TASK OBJECTIVE
For each record that follows, give it back exactly, with no pictures included.

GIVEN DATA
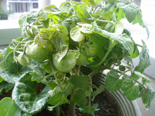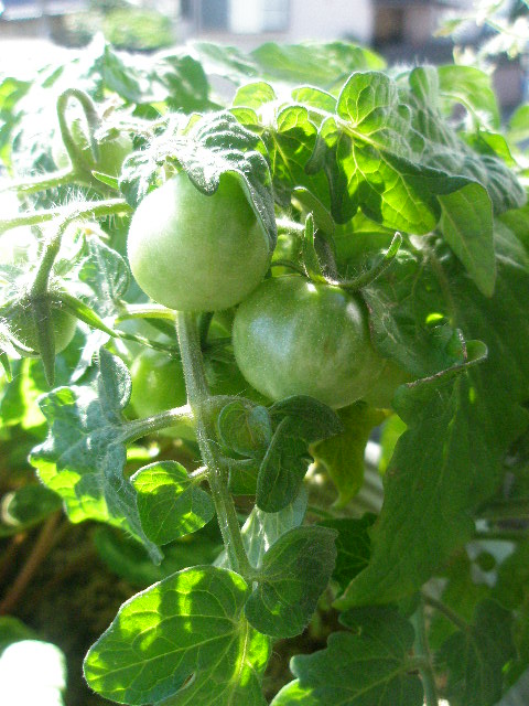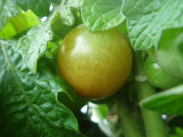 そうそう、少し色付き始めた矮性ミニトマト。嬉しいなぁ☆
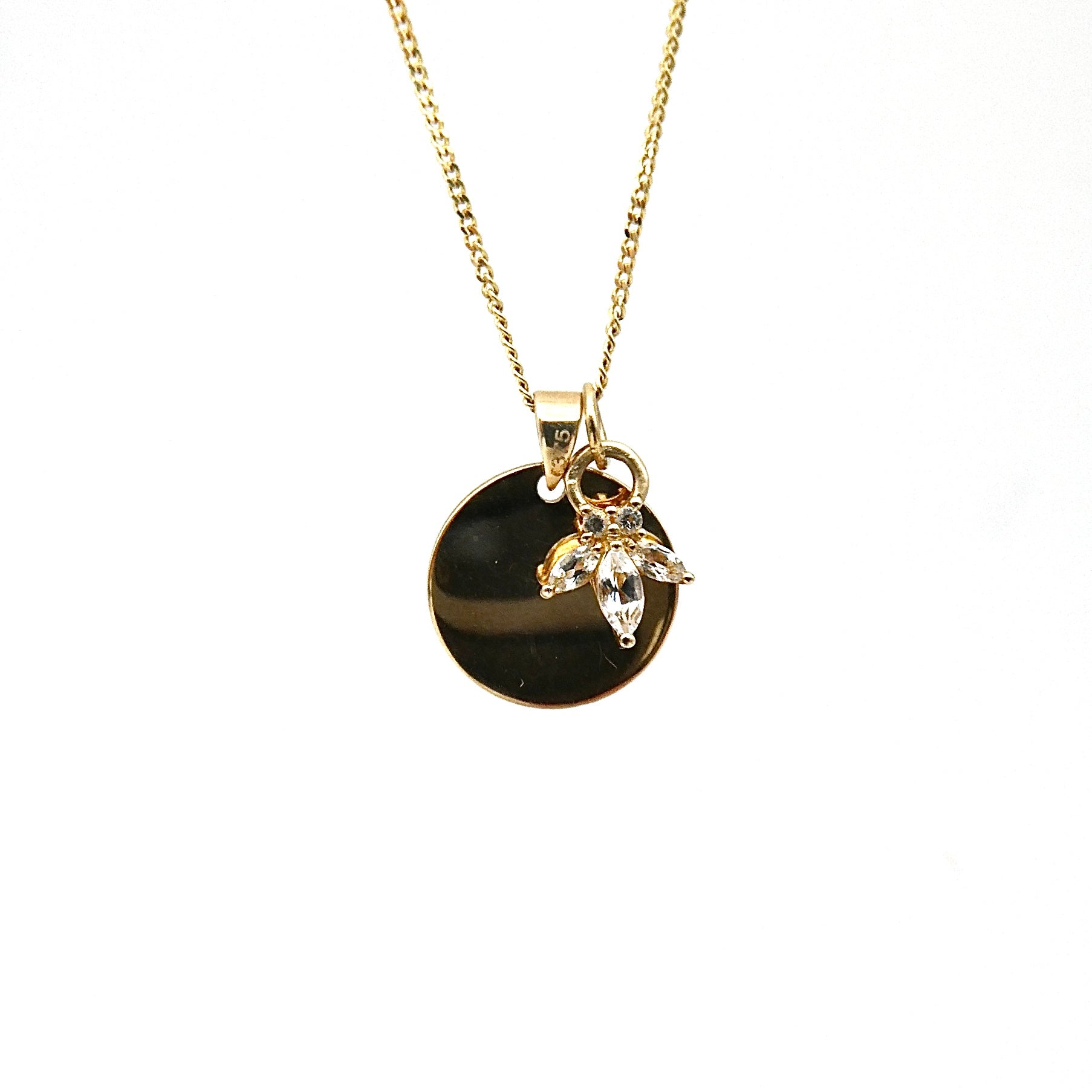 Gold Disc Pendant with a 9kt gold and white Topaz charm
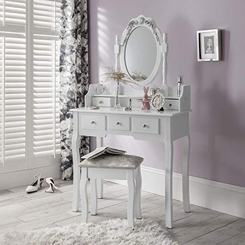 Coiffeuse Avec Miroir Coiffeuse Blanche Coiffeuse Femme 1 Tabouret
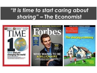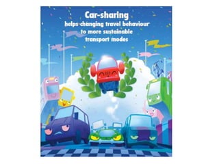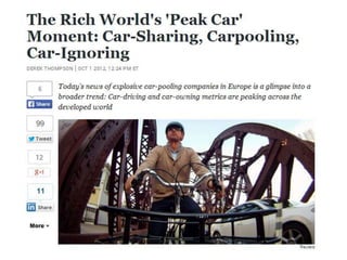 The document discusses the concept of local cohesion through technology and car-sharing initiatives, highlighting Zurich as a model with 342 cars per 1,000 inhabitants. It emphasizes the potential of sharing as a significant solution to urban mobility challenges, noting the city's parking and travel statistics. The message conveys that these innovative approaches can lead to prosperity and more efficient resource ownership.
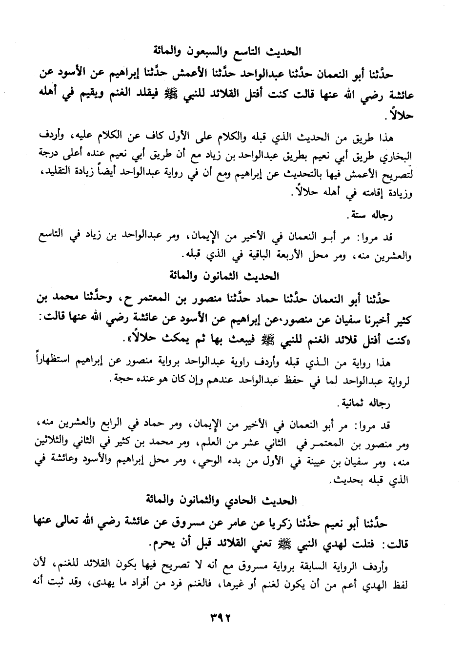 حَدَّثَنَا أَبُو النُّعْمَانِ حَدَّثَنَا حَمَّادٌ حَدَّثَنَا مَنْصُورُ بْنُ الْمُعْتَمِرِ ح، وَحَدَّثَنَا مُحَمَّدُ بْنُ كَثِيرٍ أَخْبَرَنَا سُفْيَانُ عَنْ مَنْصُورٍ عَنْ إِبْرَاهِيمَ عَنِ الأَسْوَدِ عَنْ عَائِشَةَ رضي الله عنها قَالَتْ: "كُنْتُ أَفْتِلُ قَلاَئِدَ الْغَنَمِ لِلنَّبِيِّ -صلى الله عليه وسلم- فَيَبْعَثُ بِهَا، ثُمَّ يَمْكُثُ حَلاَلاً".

EXERCISE RESULT
 そうそう、少し色付き始めた矮性ミニトマト。嬉しいなぁ☆
 Gold Disc Pendant with a 9kt gold and white Topaz charm
 Coiffeuse Avec Miroir Coiffeuse Blanche Coiffeuse Femme 1 Tabouret
 The document discusses the concept of local cohesion through technology and car-sharing initiatives, highlighting Zurich as a model with 342 cars per 1,000 inhabitants. It emphasizes the potential of sharing as a significant solution to urban mobility challenges, noting the city's parking and travel statistics. The message conveys that these innovative approaches can lead to prosperity and more efficient resource ownership.
 حَدَّثَنَا أَبُو النُّعْمَانِ حَدَّثَنَا حَمَّادٌ حَدَّثَنَا مَنْصُورُ بْنُ الْمُعْتَمِرِ ح، وَحَدَّثَنَا مُحَمَّدُ بْنُ كَثِيرٍ أَخْبَرَنَا سُفْيَانُ عَنْ مَنْصُورٍ عَنْ إِبْرَاهِيمَ عَنِ الأَسْوَدِ عَنْ عَائِشَةَ رضي الله عنها قَالَتْ: "كُنْتُ أَفْتِلُ قَلاَئِدَ الْغَنَمِ لِلنَّبِيِّ -صلى الله عليه وسلم- فَيَبْعَثُ بِهَا، ثُمَّ يَمْكُثُ حَلاَلاً".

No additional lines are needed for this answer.